23. Januar 2008 um 09:47 | In Unterbezirk | von Alexander Rehmeier | Keine Kommentare

Mitglieder des Juso-Unterbezirks reisten am Dienstag nach Bochum zur Großdemonstration, um gegen die geplante Schließung des Nokia Werks zu demonstrieren. Über 15000 Demonstranten solidarisierten sich mit den Arbeitnehmerinnen und Arbeitnehmern und forderten den Erhalt des rentablen Standortes in Deutschland. Nach Ansicht der Jusos im UB Unna ist das brutale Vorgehen des Nokiamanagements an sozialer Kälte nicht mehr zu übertreffen. Der Standort Bochum, der seit Jahren für das Unternehmen Nokia hohe Gewinne erwirtschaftet, soll geschlossen werden, um die Gewinne noch weiter zu maximieren. Zurück bleiben tausende Beschäftigte bei Nokia und vielen Zuliefern. „Was hier im Moment bei Nokia passiert hat nichts mehr mit sozialer Marktwirtschaft zu tun“, kritisiert der Juso-Unterbezirksvorsitzende Alexander Rehmeier die Pläne der Nokia-Führung.

Begründet wird die Schließung des Produktions- und Forschungsstandortes mit hohen Lohnkosten. In der Realität machen in Bochum die Kosten für Löhne und Gehälter gerade 5% der Gesamtkosten aus. Um diese weiter zu reduzieren, soll das Werk nach Rumänien und Ungarn verlagert werden.

Zusammen mit den Jusos demonstrierte eine Vielzahl von Verbänden, Gewerkschaften und Parteien und setzten ein Zeichen für Geschlossenheit gegen die Nokiapläne. Auch verurteilen die Jusos die ungezügelte und millionenschwere Subventionsmitnahme der Nokiaführung, bevor sie unangekündigt die Mitarbeiter auf die Straße setzen.

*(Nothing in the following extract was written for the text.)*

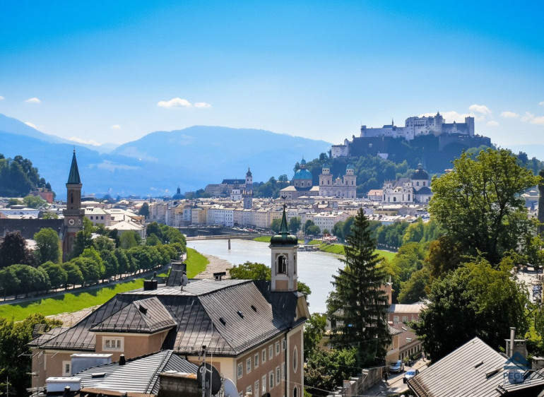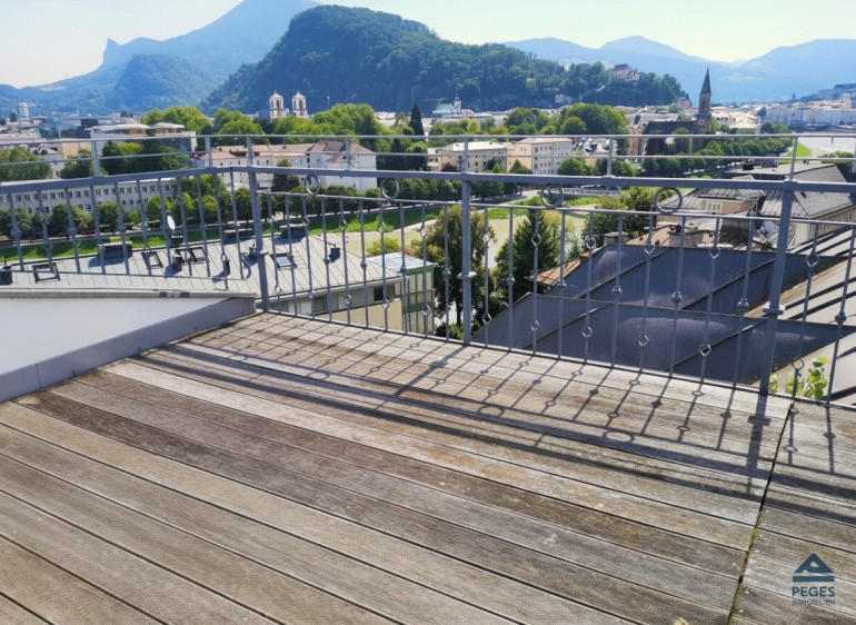 Besonders hervorzuheben ist hier vor allem der traumhafte Ausblick über die Salzburger Altstadt, das Salzachufer sowie auf die Festung Hohensalzburg, der sich sowohl von der Dachterrasse als auch vom Wohnraum aus genießen lässt.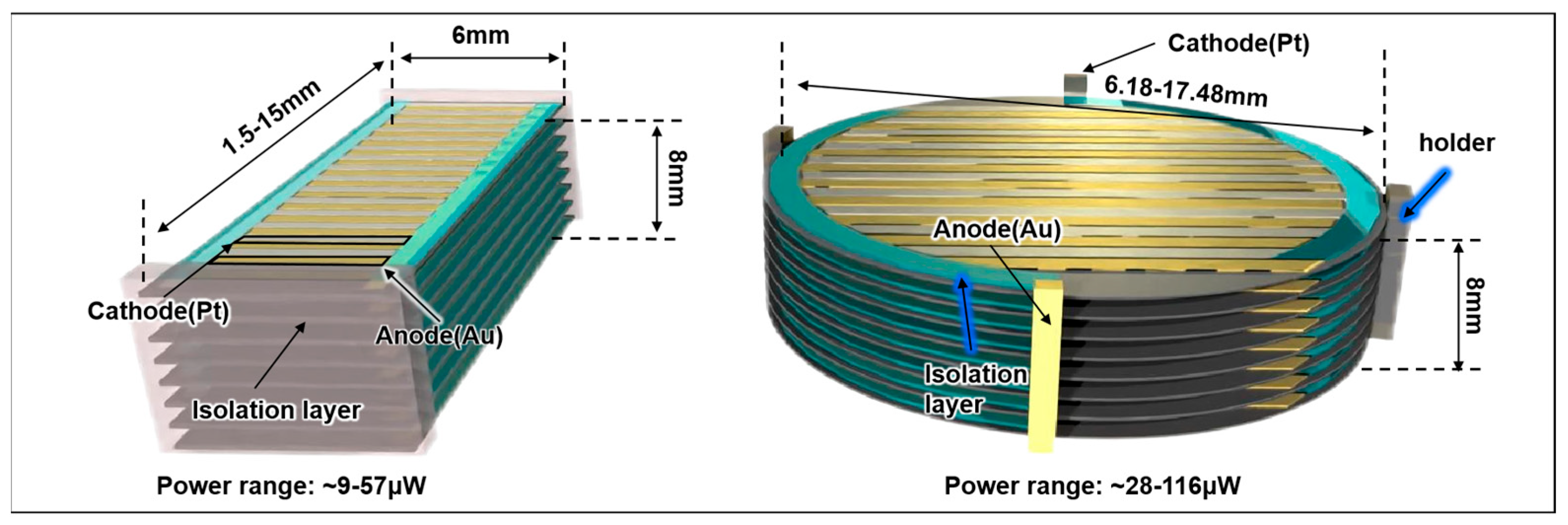 - Drake, R.F.; Kusserow, B.K.; Messinger, S.; Matsuda, S. A tissue implantable fuel cell power supply. ASAIO J. 1970, 16, 199–205. [Google Scholar]

Eine Mitarbeiterin machte die katastrophale Lage deutlich und beschrieb, dass die Belegschaft in diesem Frühjahr eine Gewinnbeteiligung für die gute Arbeit und die hohen Umsätzen zusammen mit der Kündigung erhalten wird.

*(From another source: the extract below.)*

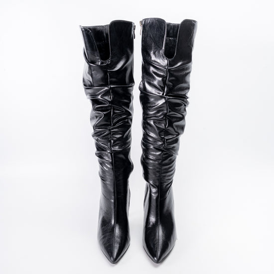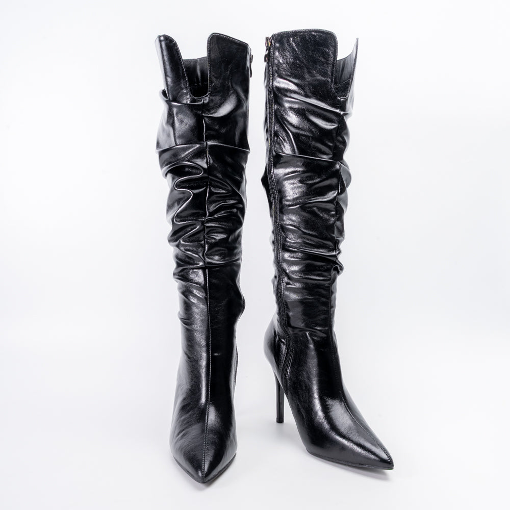 USP: Metallic Wrinkled Finish with Pointed Toe Stiletto Heel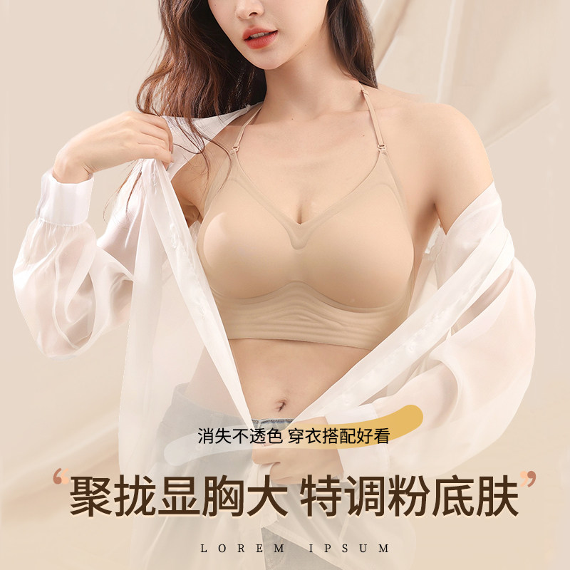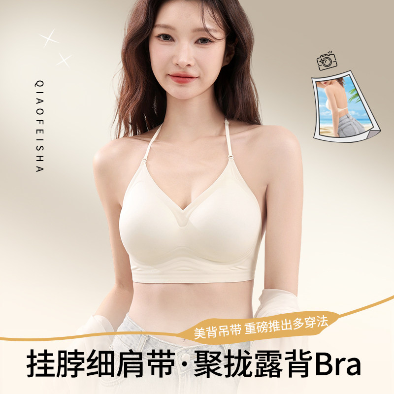 挂脖吊带美背细肩带内衣女小胸聚拢胸罩隐形无痕粉底液一体式文胸

Die Jusos im Kreis Unna solidarisieren sich weiterhin mit den Angestellten des Nokiawerks und schicken Protestpostkarten nach Finnland, um die Nokiaführung zum Umdenken zu bewegen.

Sollte Nokia bei den Plänen der Schließung bleiben, sprechen sich die Jusos für einen Boykott aller Nokiaprodukte aus. „Wer in Deutschland hohe Gewinne erwirtschaften möchte, muss auch soziale Verantwortung übernehmen. Nicht umsonst steht im Grundgesetz: Eigentum verpflichtet!“, begründet Alexander Rehmeier den Boykottaufruf. Nach Ansicht der Jusos hat Nokia, bei Schließung des Standortes Bochum, kein Recht in unserer Region weiter Gewinne zu erzielen.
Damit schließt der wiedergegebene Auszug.